• **Extracted information**
________
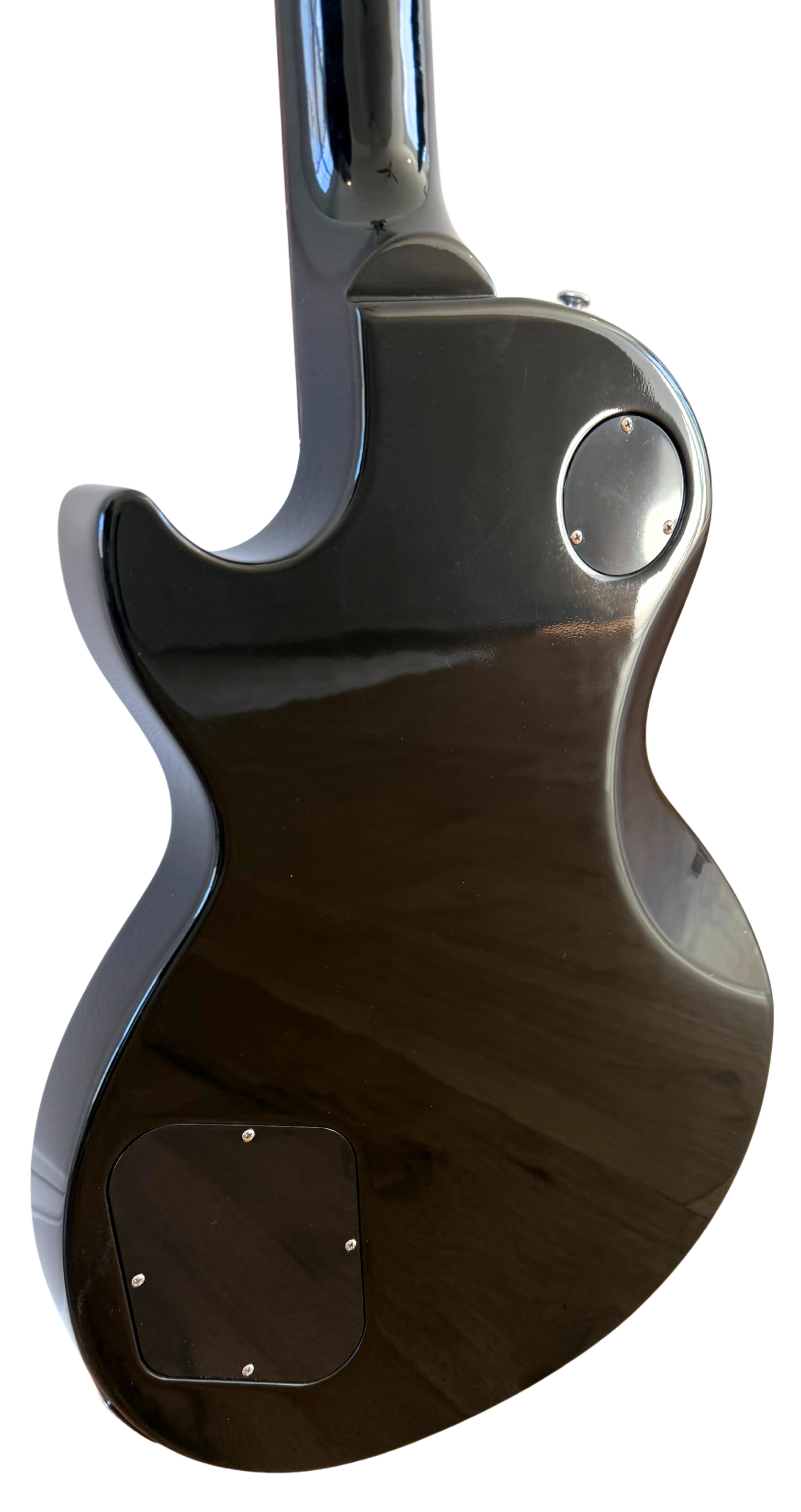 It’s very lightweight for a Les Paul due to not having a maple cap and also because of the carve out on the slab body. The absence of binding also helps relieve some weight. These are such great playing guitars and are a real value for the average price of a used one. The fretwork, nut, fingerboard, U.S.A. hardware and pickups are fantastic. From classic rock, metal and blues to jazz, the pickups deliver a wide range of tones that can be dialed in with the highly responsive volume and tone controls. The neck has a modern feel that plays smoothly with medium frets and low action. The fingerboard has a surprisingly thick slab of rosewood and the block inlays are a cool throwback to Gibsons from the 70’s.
________
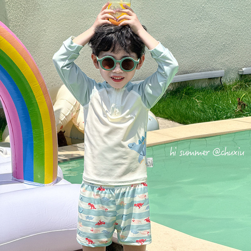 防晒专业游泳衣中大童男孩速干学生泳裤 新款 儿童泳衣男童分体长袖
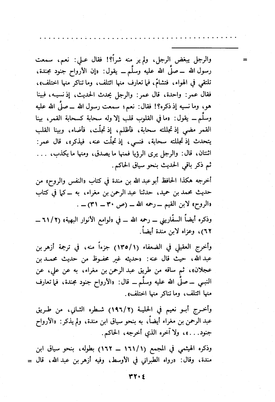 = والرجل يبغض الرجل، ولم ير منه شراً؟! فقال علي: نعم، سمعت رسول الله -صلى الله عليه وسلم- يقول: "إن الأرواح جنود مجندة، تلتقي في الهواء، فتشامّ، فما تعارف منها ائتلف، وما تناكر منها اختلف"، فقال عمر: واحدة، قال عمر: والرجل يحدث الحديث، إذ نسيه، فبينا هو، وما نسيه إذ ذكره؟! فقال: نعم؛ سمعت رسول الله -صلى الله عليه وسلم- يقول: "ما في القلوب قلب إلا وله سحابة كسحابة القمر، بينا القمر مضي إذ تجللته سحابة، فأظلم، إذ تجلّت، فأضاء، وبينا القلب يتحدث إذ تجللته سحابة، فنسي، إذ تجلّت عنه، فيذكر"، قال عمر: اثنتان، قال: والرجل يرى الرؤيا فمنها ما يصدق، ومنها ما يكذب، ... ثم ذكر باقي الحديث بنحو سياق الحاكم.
________
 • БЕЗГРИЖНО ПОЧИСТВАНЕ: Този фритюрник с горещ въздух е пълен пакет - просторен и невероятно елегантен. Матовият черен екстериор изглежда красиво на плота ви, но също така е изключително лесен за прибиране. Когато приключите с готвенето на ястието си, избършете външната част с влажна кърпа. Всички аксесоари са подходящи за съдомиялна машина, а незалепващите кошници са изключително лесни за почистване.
________
• **Required action**
Look above for the line with "防晒专业游泳衣中大童男孩速干学生泳裤 新款 儿童泳衣男童分体长袖" and the line with "بنحو سياق الحاكم.". Give again exactly those two lines and all lines between them, pictures excluded.

• **The answer**
 防晒专业游泳衣中大童男孩速干学生泳裤 新款 儿童泳衣男童分体长袖
 = والرجل يبغض الرجل، ولم ير منه شراً؟! فقال علي: نعم، سمعت رسول الله -صلى الله عليه وسلم- يقول: "إن الأرواح جنود مجندة، تلتقي في الهواء، فتشامّ، فما تعارف منها ائتلف، وما تناكر منها اختلف"، فقال عمر: واحدة، قال عمر: والرجل يحدث الحديث، إذ نسيه، فبينا هو، وما نسيه إذ ذكره؟! فقال: نعم؛ سمعت رسول الله -صلى الله عليه وسلم- يقول: "ما في القلوب قلب إلا وله سحابة كسحابة القمر، بينا القمر مضي إذ تجللته سحابة، فأظلم، إذ تجلّت، فأضاء، وبينا القلب يتحدث إذ تجللته سحابة، فنسي، إذ تجلّت عنه، فيذكر"، قال عمر: اثنتان، قال: والرجل يرى الرؤيا فمنها ما يصدق، ومنها ما يكذب، ... ثم ذكر باقي الحديث بنحو سياق الحاكم.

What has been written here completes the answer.